If you want to drop in DDIMScheduler with the stable diffusion stuff you need the right settings. I think the magic code is scheduler = diffusers.DDIMScheduler(beta_start=0.00085, beta_end=0.012, beta_schedule="scaled_linear", clip_sample=False, set_alpha_to_one=False)

jeremy · October 26, 2022, 2:37am

Where does one find the magic code? And why do those particular params work in this case?
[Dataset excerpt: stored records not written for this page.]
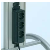
Integrated multiple-outlet socket strip
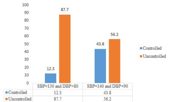
Figure 2 The level of blood pressure control <130/80 mmHg vs <140/90 mmHg for hypertension patients attending outpatient department of Dessie Referral Hospital, Dessie, Ethiopia, 2019.

From the total of 203 study participants, 102 (50.2%) were females. It was similar with that of a study done at Zewditu Memorial hospital in Addis Ababa (55.6%). 8 The same study was done in Gondar which reported that 61.9% of patients were females. 9 The mean age of patients in this study was found to be 55.2 which is almost similar with that of a study done in Gondar (57 years). 10
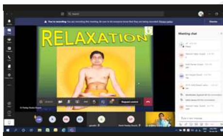
Various Webinars for Spouse of Employees
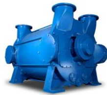
Liquid Ring Pumps
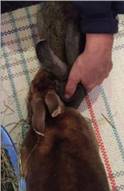
Speed date: Moondog, top, with Minchie.
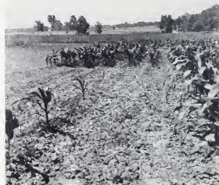
Untreated check area center to lower left; aldrin treated plot to right; and heptachlor treated area beyond center of photo.

Treat a band about 6 inches wide over the row or hills, just behind the planter shoe. Be sure that the soil closing in behind the planter shoe covers the insecticide. Do not place the insecticide directly on the seed.
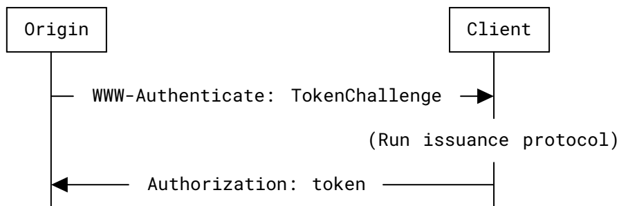
Figure 1: Challenge and Redemption Protocol Flow

In addition to working with different token issuance protocols, this scheme optionally supports the use of tokens that are associated with Origin-chosen contexts and specific Origin names. Relying parties that request and redeem tokens can choose a specific kind of token, as appropriate for its use case. These options (1) allow for different deployment models to prevent double-spending and (2) allow for both interactive (online challenges) and non-interactive (pre-fetched) tokens.
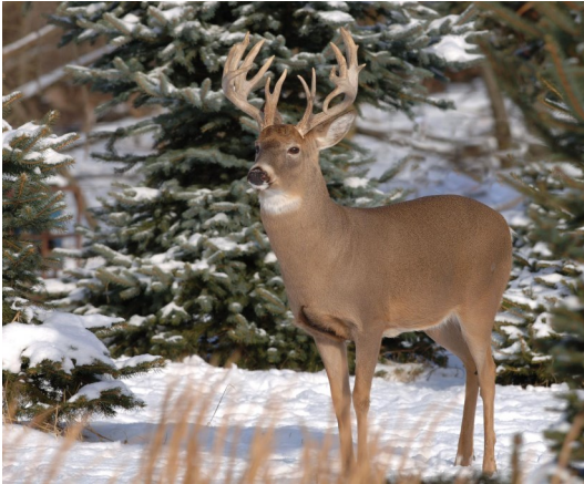
White Tailed Deer
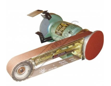
Shown Fitted to a Optional Bench Grinder
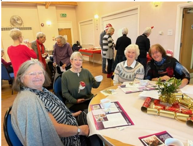
Some photos from the Christmas Party:
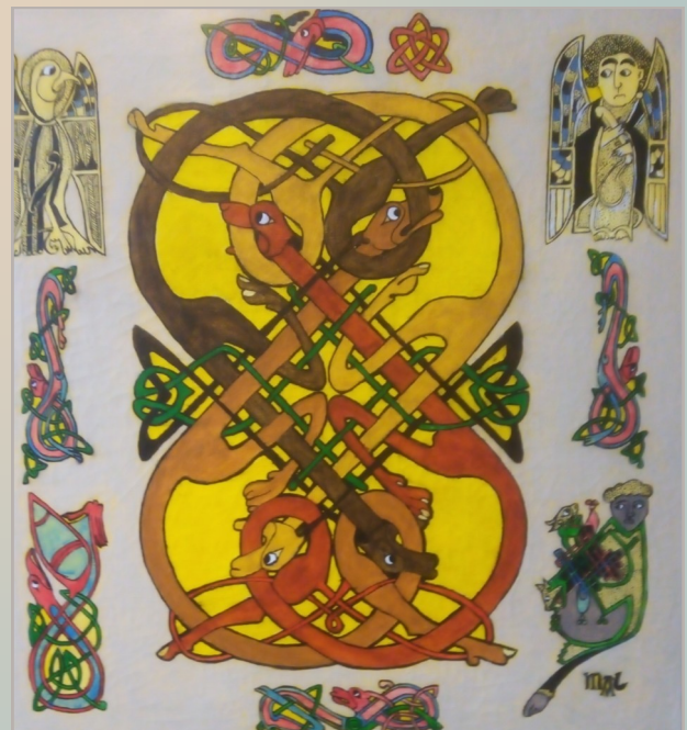
Celtic Boar - Malcolm Lamond

johnowhitaker · October 26, 2022, 2:45am

I stole them from someone on Discord, but if you want to do it properly you can look at the scheduler config: scheduler/scheduler_config.json · CompVis/stable-diffusion-v1-4 at main
The extra hitch is that I think DDIMScheduler has clip_sample=True as the default, which clips the sample to (-1, 1) and I think causes issues in the SD case.
I’m also now thinking that since I last tried this the step of manually scaling the model inputs is gone and replaced by scheduler.scale_model_inputs, which for lms_discrete does some scaling (as it should) but for DDIM does nothing! So that might be an problem…

EDIT:

Just tried this and it worked without needing to change the model input scaling, so that is indeed the magic code and you can ignore my extra worry above

tolgaeren · October 26, 2022, 10:51am

About accessing the ‘latex source’ for deciphering the formulas:

Sometimes there’s a faster way than downloading the source package and checking the tex file:

Using the HTML5 viewer:

Go to you favorite arxiv document

image1773×836 124 KB
Replace the ‘x’ in ‘arxiv’ with a ‘5’, hit enter:

image2916×1556 273 KB
Now you can go to any formula and right click-> show math as → annotation → tex:

image1920×796 124 KB
This will give you the original ‘TeX’ source.

image2090×1074 391 KB

PS: Only works for papers released before Sep 2022 (yet?)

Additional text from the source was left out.